* Input data:

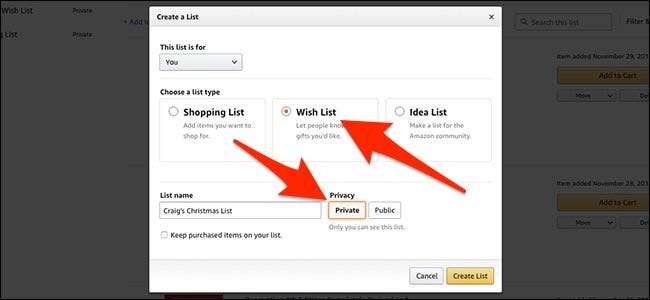 Wählen Sie als Nächstes "Wunschliste" und geben Sie der Liste einen Namen. Markieren Sie danach die Liste als "Privat".
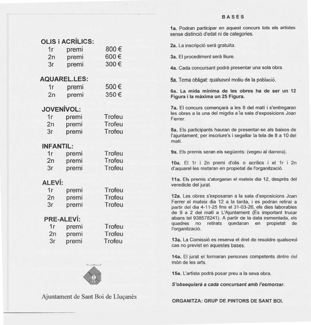 Las obras se expondrán en la Sala de Exposiciones Joan Ferrer el mismo día 12 por la tarde, y se podrán retirar a partir del 4 de noviembre hasta el 31 de marzo de 2026, de 9 a 14 h en el Ayuntamiento. (Es importante llamar antes al 938 578 241). Pasado este plazo, las obras no retiradas quedarán en propiedad de la organización.
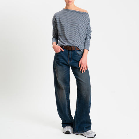 Zeroassoluto-T-shirt CLOE righe in jersey elasticizzato - moro/celeste
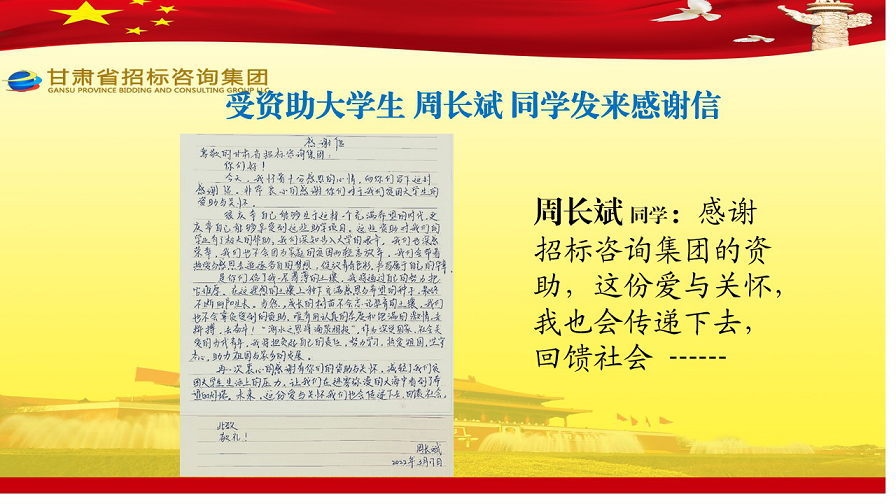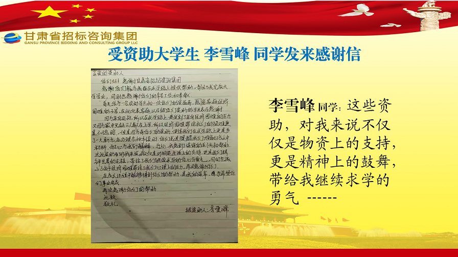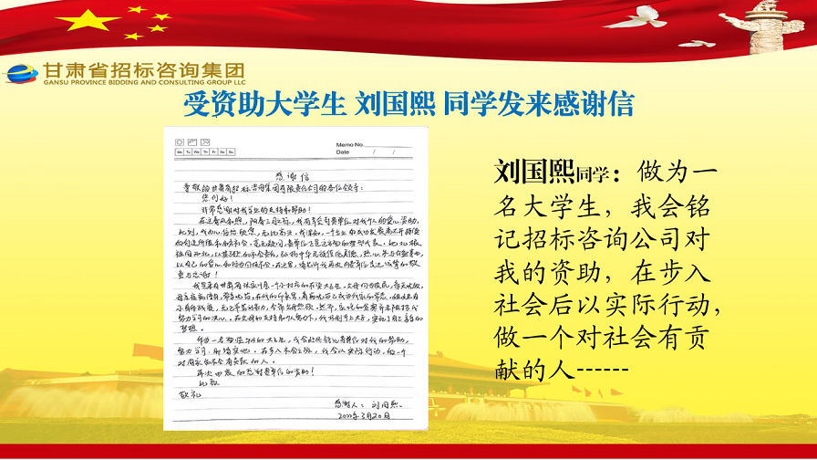 克日,张家川县张棉驿乡张棉村贫困大学生代表刘国熙、周长斌、李雪峰等向甘肃省招标咨询集团有限责任公司发来谢谢信,就招标咨询集团给予学费资助一事表达他们的谢谢之情。
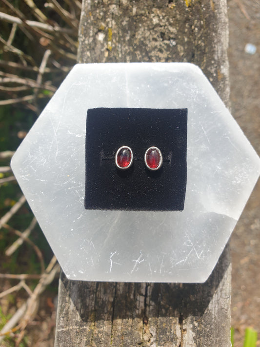 Garnet | Polished Sterling Silver Stud Earrings Oval 8mm
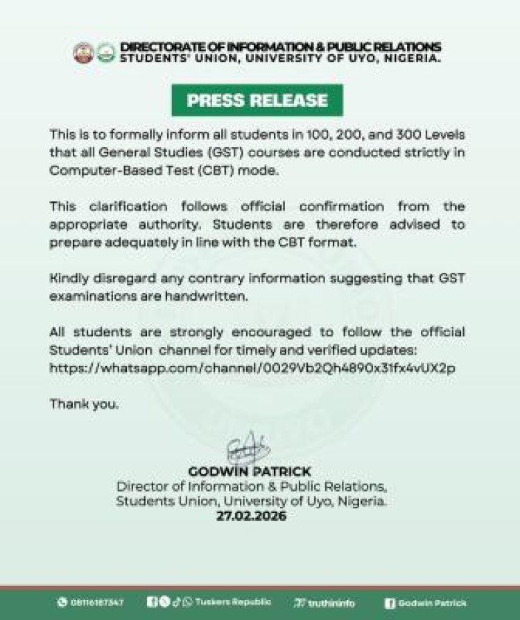 The Directorate of Information & Public Relations of the Students' Union, University of Uyo (UNIUYO) has clarified that all General Studies (GST) examinations for 100, 200, and 300-level students will be conducted strictly in Computer-Based Test (CBT) format.
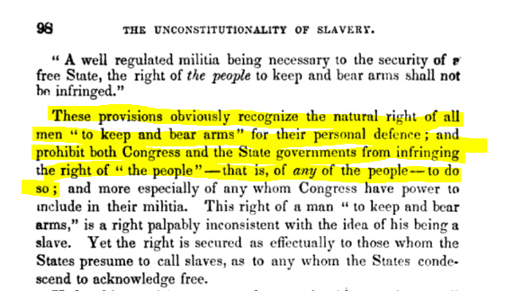 Joel Tiffany, a prolific writer of the 19th century, wrote in his work A Treatise on the Unconstitutionality of American Slavery that the Second Amendment protects the right of individual to defend themselves. And this right belongs to everyone, because no limit on it is included.

* Exercise details:
Take only the line containing "克日,张家川县张棉驿乡张棉村" and every line after it to the end of the entries, and copy them exactly, pictures excluded.

* Exercise solution:
 克日,张家川县张棉驿乡张棉村贫困大学生代表刘国熙、周长斌、李雪峰等向甘肃省招标咨询集团有限责任公司发来谢谢信,就招标咨询集团给予学费资助一事表达他们的谢谢之情。
 Garnet | Polished Sterling Silver Stud Earrings Oval 8mm
 The Directorate of Information & Public Relations of the Students' Union, University of Uyo (UNIUYO) has clarified that all General Studies (GST) examinations for 100, 200, and 300-level students will be conducted strictly in Computer-Based Test (CBT) format.
 Joel Tiffany, a prolific writer of the 19th century, wrote in his work A Treatise on the Unconstitutionality of American Slavery that the Second Amendment protects the right of individual to defend themselves. And this right belongs to everyone, because no limit on it is included.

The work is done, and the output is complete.